What you will do: Using the listing below, copy exactly the lines from the one containing "萬古 備前写し 丸 寸胴花器 展未使用品" to the one containing "This zoning is", both lines included, and no others.

*** Given information ***

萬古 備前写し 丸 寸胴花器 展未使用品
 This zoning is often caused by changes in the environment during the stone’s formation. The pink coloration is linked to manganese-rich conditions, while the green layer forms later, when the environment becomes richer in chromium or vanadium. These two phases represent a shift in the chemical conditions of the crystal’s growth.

*** End of Given information ***
*** Given information ***

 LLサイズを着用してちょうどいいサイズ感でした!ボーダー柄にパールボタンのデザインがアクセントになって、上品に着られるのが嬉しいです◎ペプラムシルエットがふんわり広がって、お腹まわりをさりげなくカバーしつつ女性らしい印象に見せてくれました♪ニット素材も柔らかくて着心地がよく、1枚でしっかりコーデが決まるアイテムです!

*** End of Given information ***
*** Given information ***

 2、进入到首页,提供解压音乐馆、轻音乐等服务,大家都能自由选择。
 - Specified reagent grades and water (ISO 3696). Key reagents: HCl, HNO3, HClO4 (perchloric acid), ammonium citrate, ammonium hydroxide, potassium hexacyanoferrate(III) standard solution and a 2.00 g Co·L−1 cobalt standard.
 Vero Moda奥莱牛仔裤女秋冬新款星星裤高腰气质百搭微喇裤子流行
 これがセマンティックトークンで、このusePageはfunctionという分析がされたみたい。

*** End of Given information ***

Exercise result:
萬古 備前写し 丸 寸胴花器 展未使用品
 This zoning is often caused by changes in the environment during the stone’s formation. The pink coloration is linked to manganese-rich conditions, while the green layer forms later, when the environment becomes richer in chromium or vanadium. These two phases represent a shift in the chemical conditions of the crystal’s growth.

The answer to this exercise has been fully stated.